(Source data)

"""

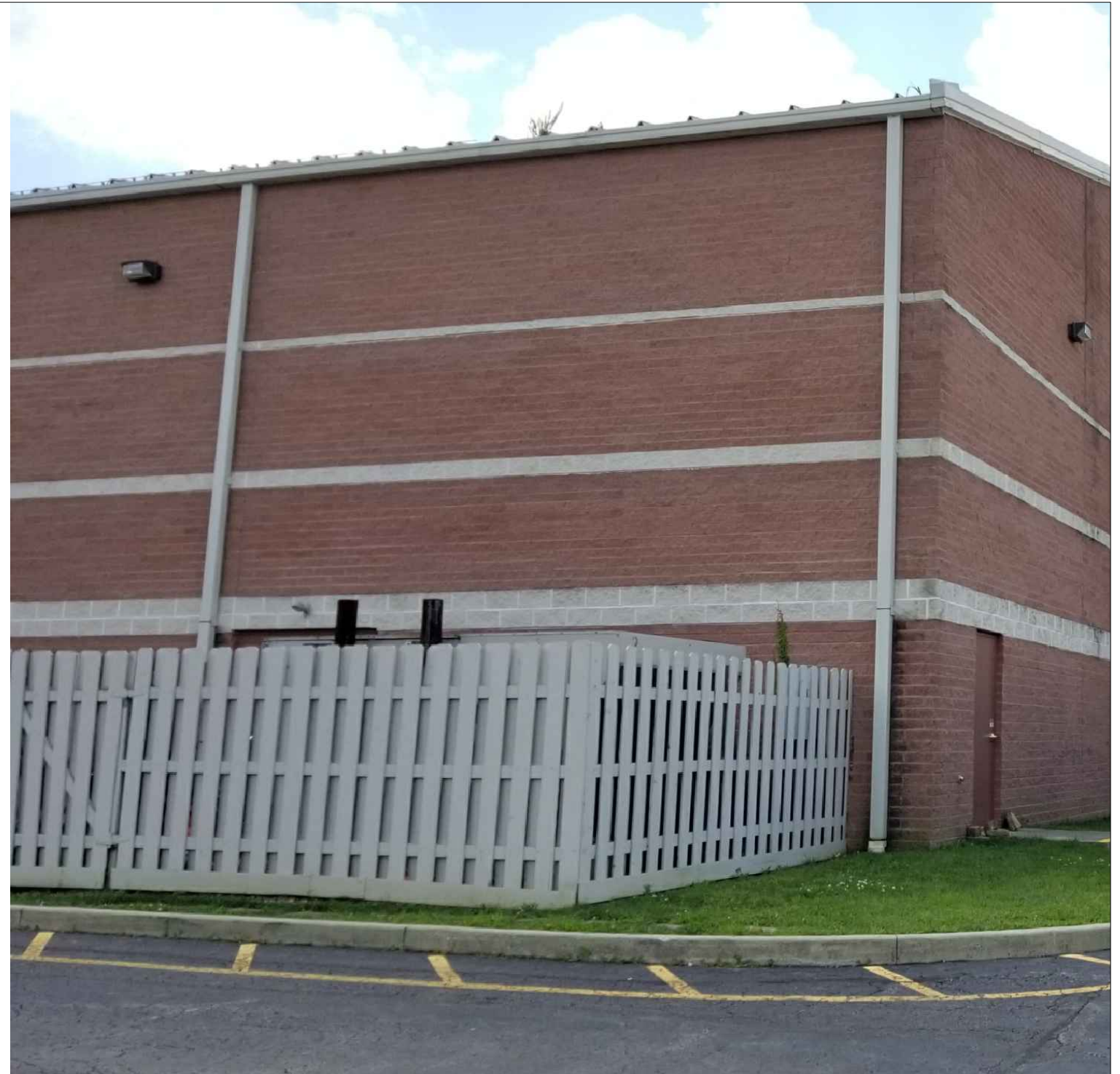
* EXISTING PRIVACY SCREEN SCALE: NOT TO SCALE
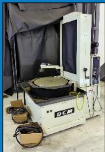
DCM Model MPI 4830B Magnetic Particle Tester
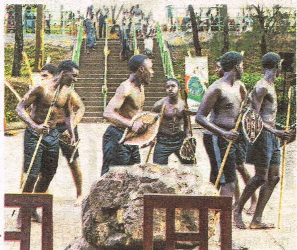
Remember the good ol' gods must be crazy!
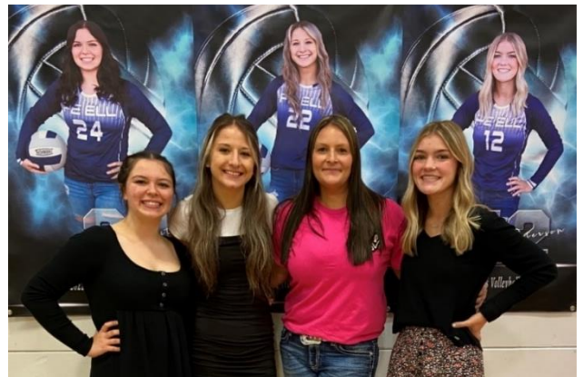
Senior Volleyball Players
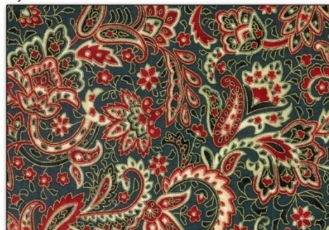
1/4 yd F8085 161G-Christmas Gold
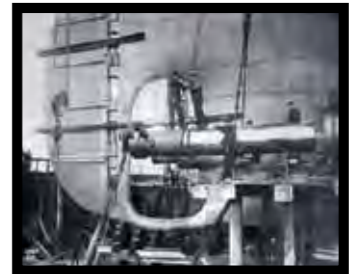
Top: The exclusive environments on the Titanic were all handmade. Above: One of three propeller shafts.
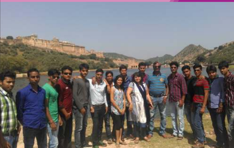
PGDM Students with Faculty Members at Jaipur

Industrial cum educational tours were planned for the courses including PGDM, MCA & BCA. Agra and Jaipur visit was arranged for PGDM Students while Jim-Corbett, Nainital and Pangot visit was arranged for MCA & BCA Students.
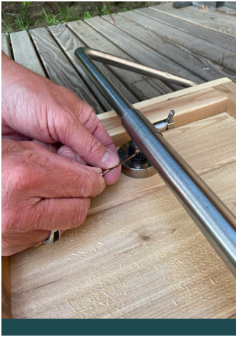
5. Using provided hex wrench, tighten the set screw to the shower stem.
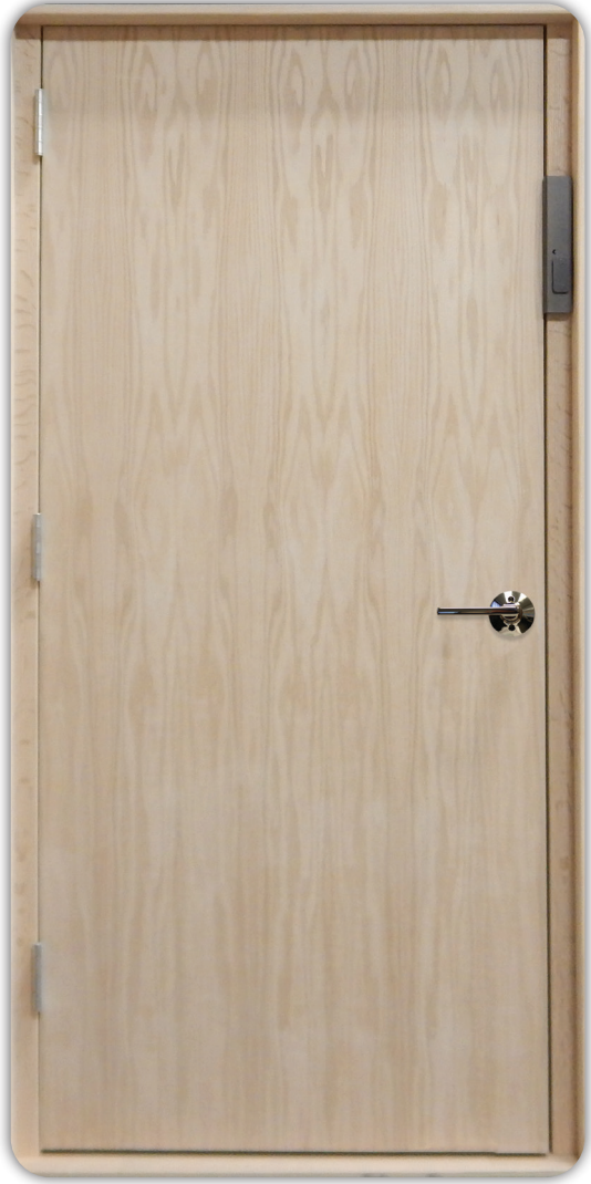
Flush Door Frame with EMDL and Latch Guard (Door by others)

"""

**Instructions to follow**
Your answer must contain the full data, repeated exactly, without pictures.

**Result**
* EXISTING PRIVACY SCREEN SCALE: NOT TO SCALE
DCM Model MPI 4830B Magnetic Particle Tester
Remember the good ol' gods must be crazy!
Senior Volleyball Players
1/4 yd F8085 161G-Christmas Gold
Top: The exclusive environments on the Titanic were all handmade. Above: One of three propeller shafts.
PGDM Students with Faculty Members at Jaipur

Industrial cum educational tours were planned for the courses including PGDM, MCA & BCA. Agra and Jaipur visit was arranged for PGDM Students while Jim-Corbett, Nainital and Pangot visit was arranged for MCA & BCA Students.
5. Using provided hex wrench, tighten the set screw to the shower stem.
Flush Door Frame with EMDL and Latch Guard (Door by others)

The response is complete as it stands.